I love uncovering situations where there is a mismatch between the expected results and the actual results of an experiment because it helps reinforce the importance of actually performing an experiment despite how much you think you “know” how it will turn out. System level integration of the software with the hardware is a perfect example.

It seems, with a frequency that defies pure probability, that if the integration team fails to check out an operational scenario during integration and testing, the system will behave in an unexpected manner when that scenario occurs. Take for example Apple’s recent antenna experience:

“…The electronics giant kept such a shroud of secrecy over the iPhone 4′s development that the device didn’t get the kind of real-world testing that would have exposed such problems in phones by other manufacturers, said people familiar with the matter.

The iPhones Apple sends to its carrier partners for testing are “stealth” phones that disguise a new device’s shape and some of its functions, people familiar with the matter said. Those test phones are specifically designed so the phone can’t be touched, which made it hard to catch the iPhone 4′s antenna problem. …”
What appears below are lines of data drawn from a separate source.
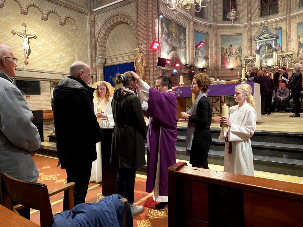Op woensdag 26 februari begon de veertigdagentijd oftewel de vasten. Aswoensdag heet zo, omdat de mensen die aan de viering deelnemen een askruisje op het voorhoofd krijgen als teken van hun vergankelijkheid. Tot nu toe durfde ik zelf de askruisjes niet toe te dienen, maar aangemoedigd door de mensen die dat de vorige jaren in mijn plaats deden, waagde ik het er toch maar op. Mijn linkerhand legde ik op het hoofd van degene die voor me kwam staan en met mijn rechter duim tekende ik dan zo goed en zo kwaad als het ging een askruisje op zijn of haar voorhoofd. Ik heb het askruisje altijd een mooi teken gevonden om zelf te mogen ontvangen. Nu met het toedienen kwam daar een dimensie bij. Ik werd me nog scherper bewust van de vergankelijkheid en het geploeter van ons allemaal. We proberen er natuurlijk het beste van te maken, maar niet alles loopt goed. Dat hoort bij ons mens-zijn. Wat ons in het verleden tegen zat, dat kunnen we maar het beste in de handen van God leggen. Het heeft waarschijnlijk weinig zin ons er nog druk over te maken. Beter is het om vooruit te kijken. Wat komt er op ons pad, hoe gaan we daarmee om… Niet alles zal makkelijk gaan, maar we zijn er zelf bij om te proberen er iets goeds van te maken, voor onszelf en voor de mensen om ons heen. Bidden, vasten en elkaar aandacht geven. Het zijn geen geboden, maar richtingwijzers voor de veertigdagentijd. Ze alle drie tegelijk volgen is misschien teveel van het goede, maar één van de drie, dat zou toch zeker moeten kunnen!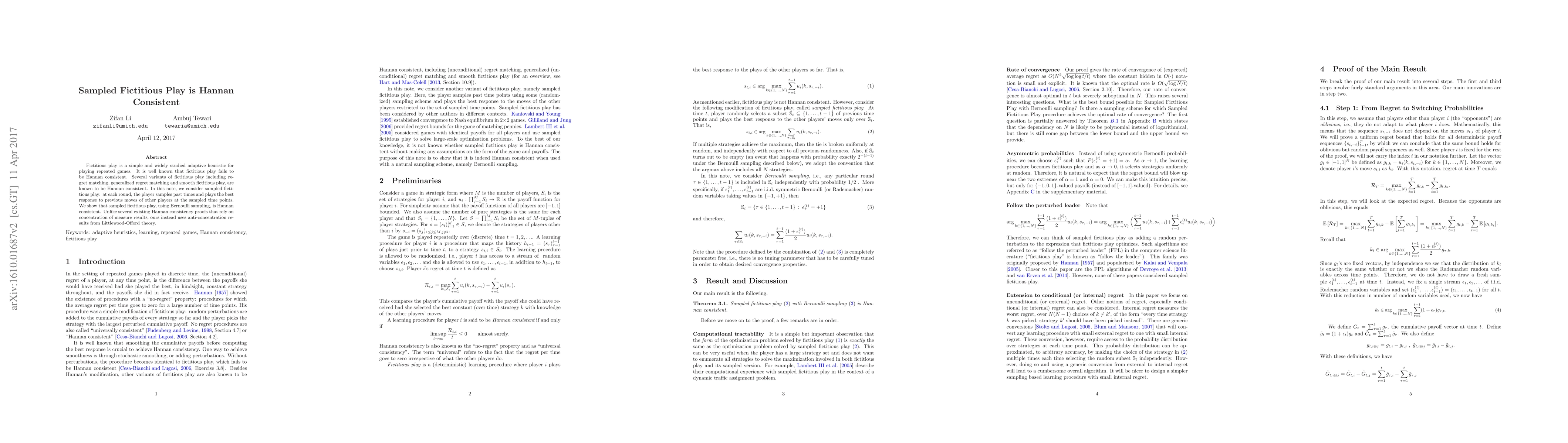 This paper demonstrates that sampled fictitious play, which samples past time points and plays the best response to previous moves, is Hannan consistent. Unlike previous proofs, this result is achieved using anti-concentration results from Littlewood-Offord theory rather than concentration of measure results.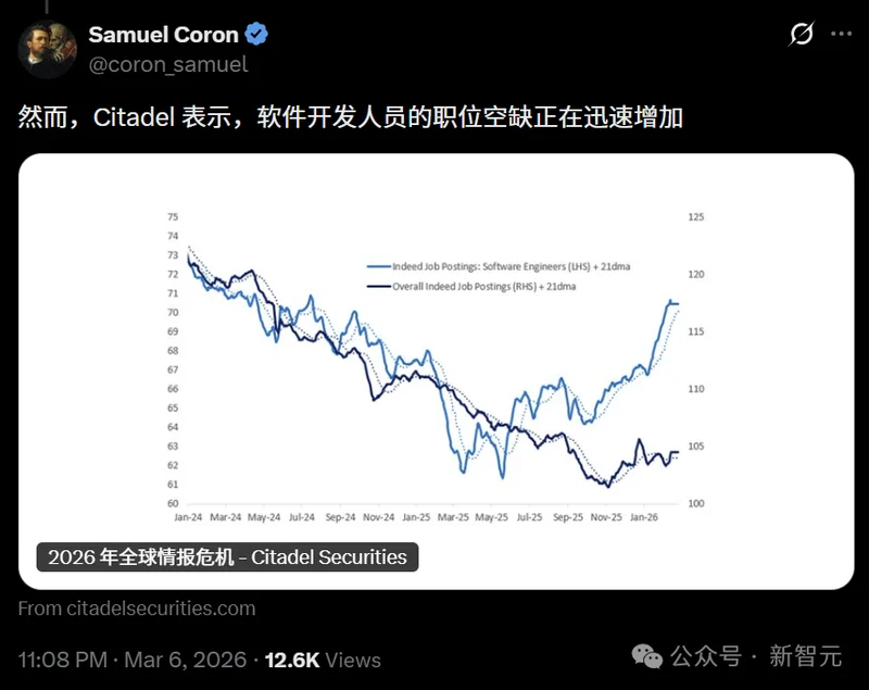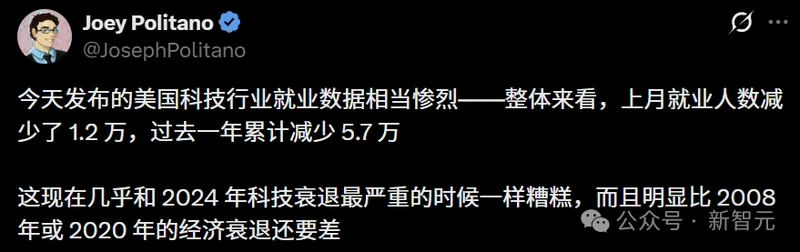 当前科技就业的萎缩程度,已经几乎追平2024年科技衰退最惨烈的时刻,而且比2008年和2020年的两次危机还要严重。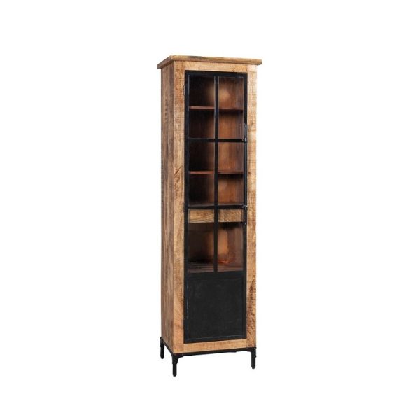 Vitrina Playmouth de abertura à esquerda, vitrina étnica vintage em madeira maciça, inteiramente feita à mão, as portas e os pés são elementos de aço. Esta vitrina em particular tem 5 prateleiras interiores (três superiores mais pequenas e duas inferiores maiores) e 1 porta com vidro. – Dimensões: 65x42x216cm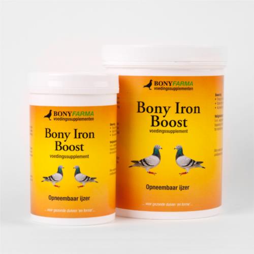 Bony Iron Boost é uma fórmula feita à base de ferro absorvível. Bony Iron Boost acelera a recuperação de pombos sujeitos a grandes esforços e apoia especialmente os borrachos. Após a administração de Bony Iron Boost os excrementos são de cor escura.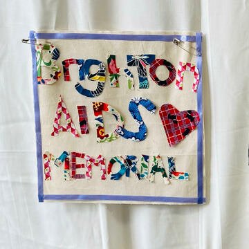 Arthur Law’s Star Quilt is seen here on the start of the Brighton Lesbian and Gay Pride march in 1992. Arthur was one of the Pink Parasol committee responsible for organising the event. As well as being a fearless and committed activist, Arthur was a brilliant designer and a gifted sewer. He also made the Fighting AIDS Brighton banner for Our House Body Positive, which can be seen here displayed on Queens Park railings at the Pink Picnic in 1993. Arthur died on the 17 May 2018 Thanks to Avee Isofa Holmes & www.wildbloodandqueenie.com for use of the images

The prototype units did not operate under the same conditions as they would in a production capacity, and that allowed an undesirable behavior to get through to the production version. The message here is never assume your system will work the way you expect it to – test it because the results may just surprise you.

Two recent video articles about removing traffic lights from intersections support this sentiment. In one of the video interviews a traffic specialist that suggests that turning off the traffic lights at intersections can actually improve the safety and efficiency of some intersections. The other video highlights what happened when a town turned off the traffic lights at a specific intersection. The results are anti-intuitive. This third video of an intersection is fun to watch, especially when you realize that there is no traffic control and there are all types of traffic, ranging from pedestrians, bikes, small cars, large cars, and buses all sharing the road. I am amazed watching the pedestrians and the near misses that do not appear to faze them.
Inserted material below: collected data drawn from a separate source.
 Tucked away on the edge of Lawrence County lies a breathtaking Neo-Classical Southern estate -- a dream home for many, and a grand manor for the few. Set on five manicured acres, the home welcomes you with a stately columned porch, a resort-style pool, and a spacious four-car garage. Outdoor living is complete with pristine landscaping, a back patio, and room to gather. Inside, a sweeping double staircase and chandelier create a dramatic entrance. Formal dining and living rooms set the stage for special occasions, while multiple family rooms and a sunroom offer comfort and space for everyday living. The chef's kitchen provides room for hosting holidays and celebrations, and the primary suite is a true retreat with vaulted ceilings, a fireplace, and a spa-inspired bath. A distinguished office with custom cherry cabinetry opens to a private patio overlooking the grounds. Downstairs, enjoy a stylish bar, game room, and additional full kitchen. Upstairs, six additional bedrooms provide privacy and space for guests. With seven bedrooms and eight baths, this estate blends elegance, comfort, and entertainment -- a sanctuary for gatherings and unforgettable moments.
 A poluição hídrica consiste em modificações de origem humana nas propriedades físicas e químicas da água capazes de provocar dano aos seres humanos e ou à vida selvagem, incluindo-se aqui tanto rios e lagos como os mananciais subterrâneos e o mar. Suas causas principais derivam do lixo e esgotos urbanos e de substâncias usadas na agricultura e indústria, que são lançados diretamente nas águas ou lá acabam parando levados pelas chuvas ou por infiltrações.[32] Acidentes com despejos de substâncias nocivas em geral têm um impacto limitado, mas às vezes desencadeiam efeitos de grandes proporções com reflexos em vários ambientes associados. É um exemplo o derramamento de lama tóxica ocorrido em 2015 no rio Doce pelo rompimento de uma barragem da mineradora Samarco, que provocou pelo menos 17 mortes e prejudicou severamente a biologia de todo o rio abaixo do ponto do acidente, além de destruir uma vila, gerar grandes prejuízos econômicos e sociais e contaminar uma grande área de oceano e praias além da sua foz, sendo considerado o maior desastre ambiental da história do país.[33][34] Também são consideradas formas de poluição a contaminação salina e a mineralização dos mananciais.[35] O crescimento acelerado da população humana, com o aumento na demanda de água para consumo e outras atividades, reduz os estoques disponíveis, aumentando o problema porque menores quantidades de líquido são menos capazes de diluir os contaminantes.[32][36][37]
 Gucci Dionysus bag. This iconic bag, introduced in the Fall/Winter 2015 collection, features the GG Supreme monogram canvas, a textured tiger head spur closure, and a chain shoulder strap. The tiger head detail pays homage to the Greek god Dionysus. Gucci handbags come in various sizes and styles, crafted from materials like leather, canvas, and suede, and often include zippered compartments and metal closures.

I am not advocating that we turn off traffic lights, but I am advocating that we explore whether we are testing our assumptions sufficiently – whether in our own embedded designs or in other systems including traffic control. What is causing better traffic flow and safety in these test cases? Is it because the flow is low enough? Is it because the people using the intersection are using a better set of rules rather than “green means go?” Are there any parallel lessons learned that apply to integrating and testing embedded systems?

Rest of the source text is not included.